Is _shīr-garm_ ever used in everyday language? And if yes in which context? Only for liquids? Or also for food? Or maybe even for other objects?


----------



## littlepond

^ I personally haven't heard "shiir-garm" so far.


----------



## Alfaaz

littlepond said:
			
		

> I have never heard "susum" used by any Hindi speaker.





			
				desi4life said:
			
		

> There are Hindi search matches (including dictionary entries) for सुसुम online. However, it seems to be used more in Bhojpuri.


Thanks for the information about _susum_.


			
				Frau Moore said:
			
		

> When I just looked up "shīr" in Platt´s dictionary I also found "_shīr-garm_, adj. 'Milk-warm,' lukewarm" .
> 
> Is _shīr-garm_ ever used in everyday language? And if yes in which context? Only for liquids? Or also for food?

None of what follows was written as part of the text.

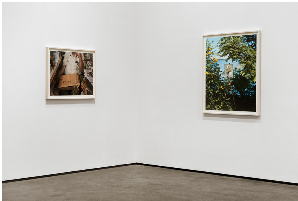
Installation view of Alec Soth: A Pound of Pictures at Sean Kelly, New York

Or maybe even for other objects?


It is less common, especially in comparison to _niim-garm_. The two literary examples here in Urdu Lughat are of _shiir-garm paanii_. Here is an example of _shiir-garm roTii_:


> اصل ذائقہ اس سنہری، سوندھی، سانولی، *شیر گرم روٹی* میں ہوتا ہے جو چنگیر میں رکھی ہو تو یوں دمکتی ہے جیسے سونے کی تھالی۔
> 
> آمنہ مفتی از کالم "اڑیں گے پرزے"


----------



## Frau Moore

Thanks, Littlepond and Alfaaz!


----------



## MonsieurGonzalito

In A.R.Rahman's "Barso Re" song (from the 2007 movie "Guru"), the singer says repeatedly (celebrating rain)

_miiThaa hai *kosaa* hai
baarish kaa bosaa hai_

and I am struggling to find any Hindi/Urdu headword. 
But in Punjabi, it seems to exist:


----------



## littlepond

MonsieurGonzalito said:


> In A.R.Rahman's "Barso Re" song (from the 2007 movie "Guru"), the singer says repeatedly (celebrating rain)
> 
> _miiThaa hai *kosaa* hai
> baarish kaa bosaa hai_



And that's why it is a poorly written song for the film: suddenly a rural Gujarat girl is singing with words such as "kosaa" and "bosaa", both words utterly unfamiliar in Gujarat.


----------



## MonsieurGonzalito

littlepond said:


> utterly unfamiliar in Gujarat.


to top it off, the scenes accompanying it were shot in Kerala, for extra humidity
Barso Re - Wikipedia


----------